TASK DETAILS
Please write out the whole listing that follows exactly; the pictures stay out.

(GIVEN INFORMATION)

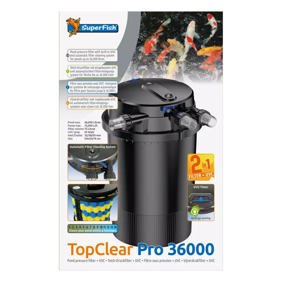Suodattimessa on sisäänrakennettuna 55w UV-C sterilisaattori. Sterilisaattorin päällä on myös kätevä pieni ikkuna josta näet että UV-C suodatus toimii normaalisti. Samoin yksikössä on sisäänrakennettu ajatsin, jolla voit säästää polttimon käyttöikää. Ajastimella voit asettaa sterilisaattorin olemaan 24/12/0 tuntia päällä päivässä.
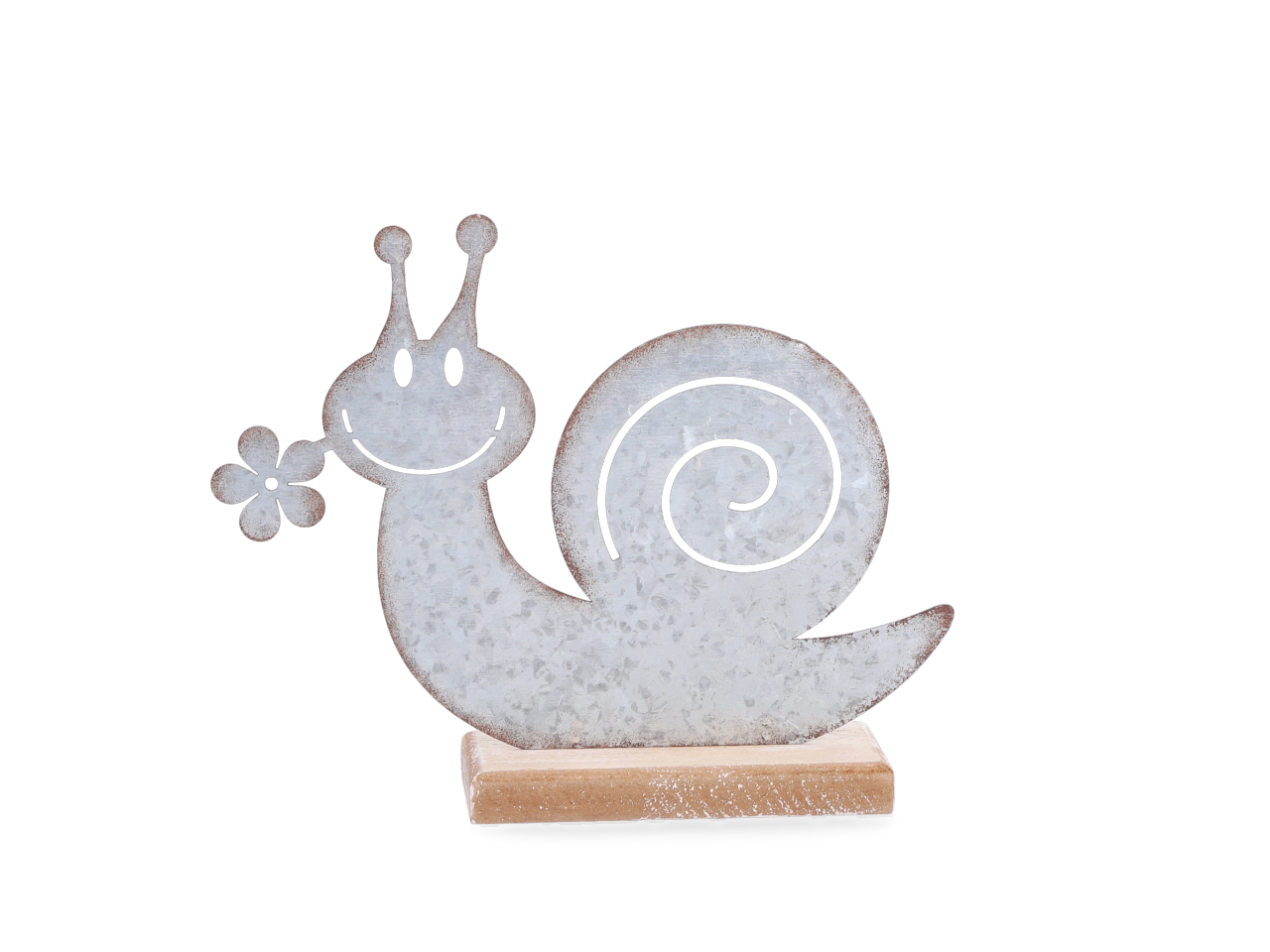 Schnecke Blech a Holzsockel z Stellen !! Aktionsartikel- Kein Umtausch / Rückgabe möglich !!
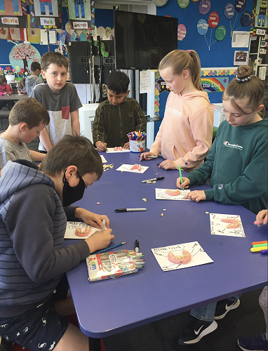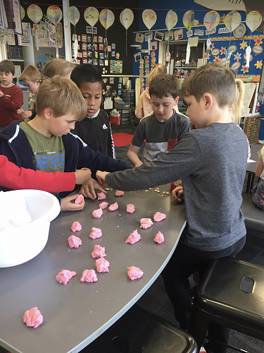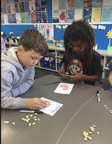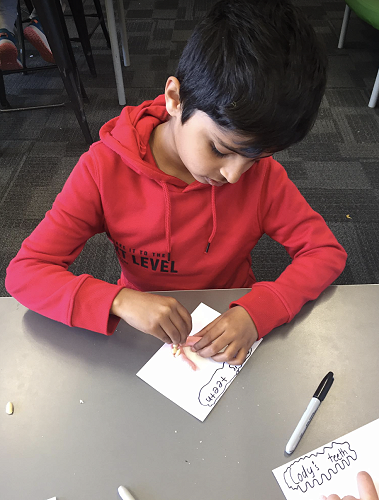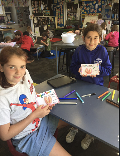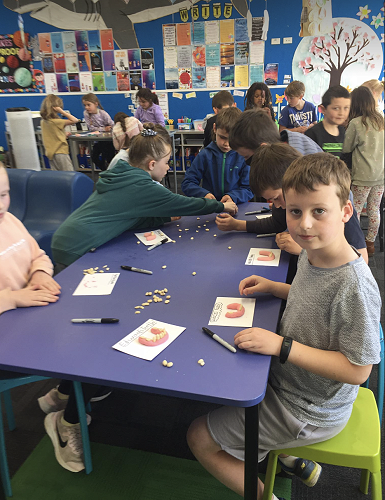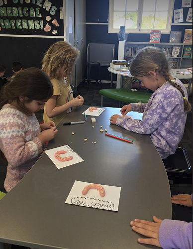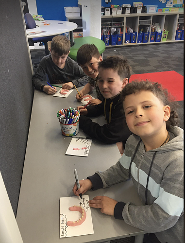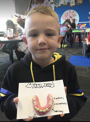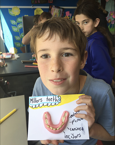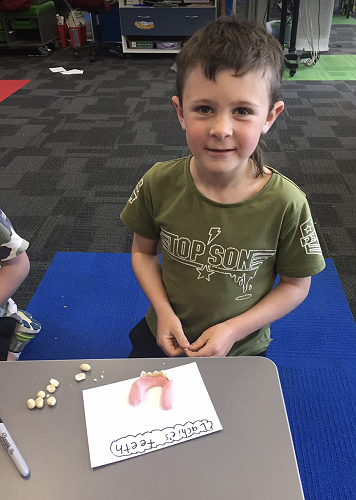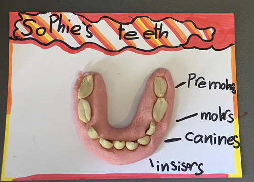 Next we got busy making models to show our learning. We used pink play dough for the gums and peanuts to show the different types of teeth. We also labelled our models carefully. We think they look pretty realistic, do you?
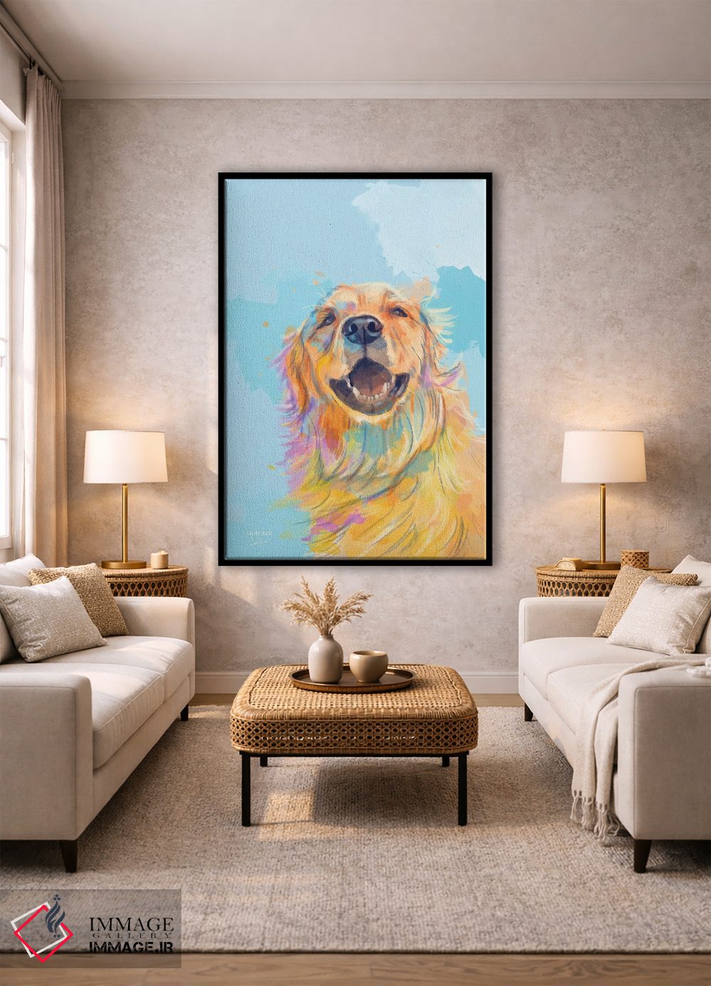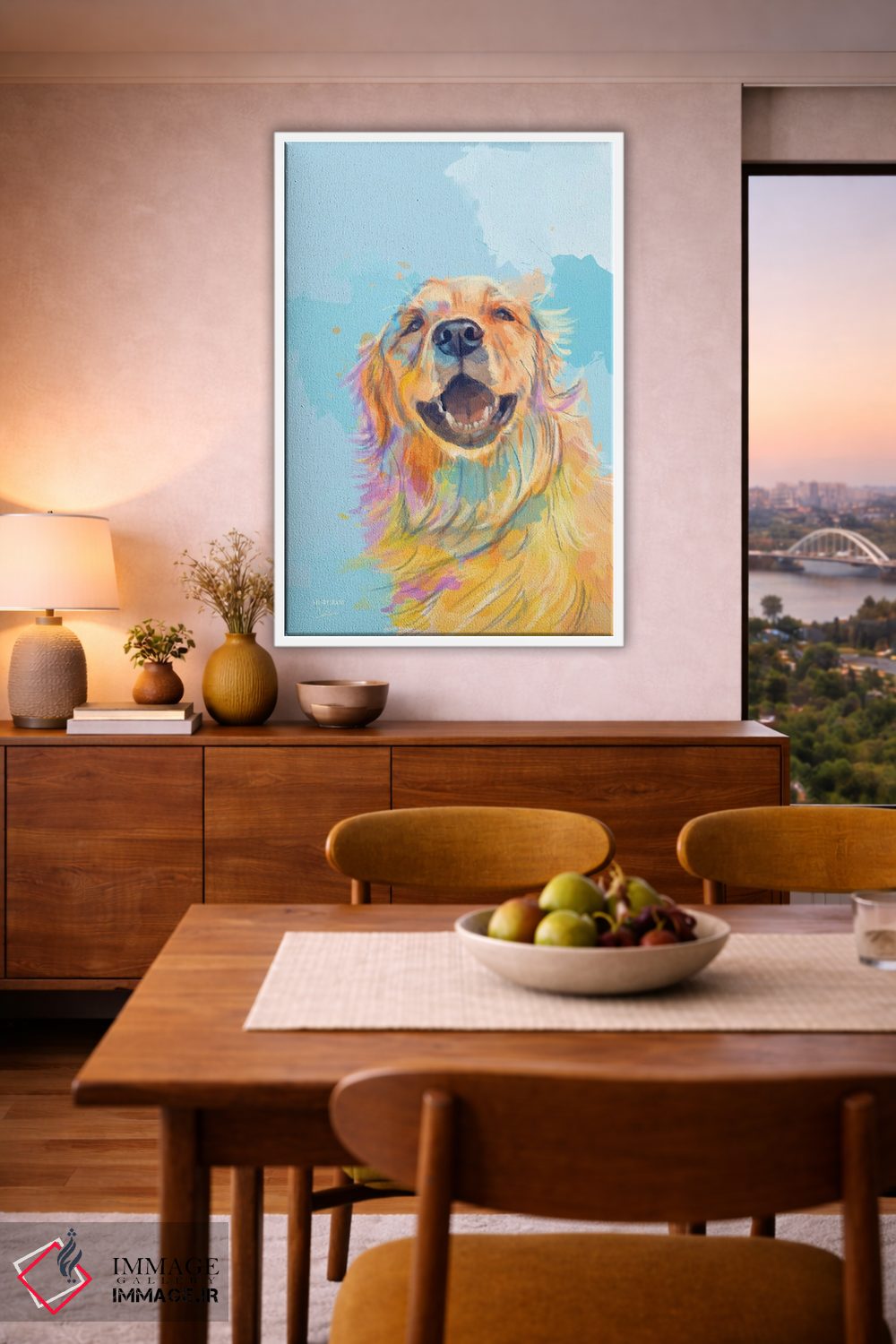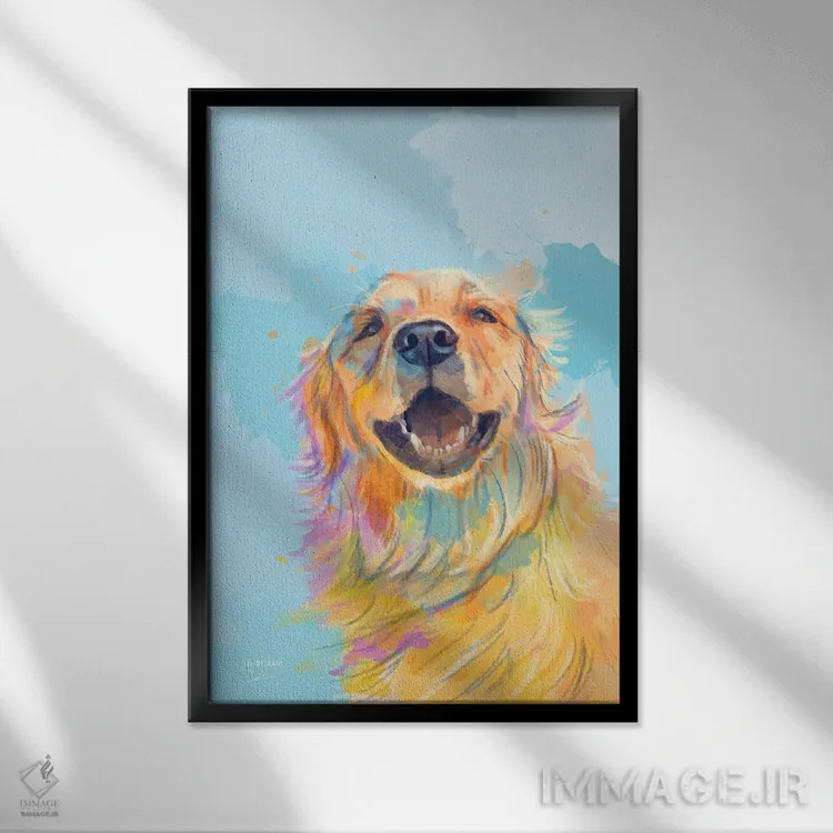 اگر میخواهید دیوار کمی سرزندگیِ محترمانه داشته باشد، «لبخند طلایی—پرترهٔ گلدن رتریور» اثرِ «فلو آرت استودیو (استودیوی هنری)» مثل یک امضای بامزه اما متین عمل میکند، برای راهروها و ورودیهای گرم گزینهٔ مناسبیست. برای دیوار گالریوار هم گزینهٔ خوبیست.

(End GIVEN INFORMATION)

SOLUTION
Suodattimessa on sisäänrakennettuna 55w UV-C sterilisaattori. Sterilisaattorin päällä on myös kätevä pieni ikkuna josta näet että UV-C suodatus toimii normaalisti. Samoin yksikössä on sisäänrakennettu ajatsin, jolla voit säästää polttimon käyttöikää. Ajastimella voit asettaa sterilisaattorin olemaan 24/12/0 tuntia päällä päivässä.
 Schnecke Blech a Holzsockel z Stellen !! Aktionsartikel- Kein Umtausch / Rückgabe möglich !!
 Next we got busy making models to show our learning. We used pink play dough for the gums and peanuts to show the different types of teeth. We also labelled our models carefully. We think they look pretty realistic, do you?
 اگر میخواهید دیوار کمی سرزندگیِ محترمانه داشته باشد، «لبخند طلایی—پرترهٔ گلدن رتریور» اثرِ «فلو آرت استودیو (استودیوی هنری)» مثل یک امضای بامزه اما متین عمل میکند، برای راهروها و ورودیهای گرم گزینهٔ مناسبیست. برای دیوار گالریوار هم گزینهٔ خوبیست.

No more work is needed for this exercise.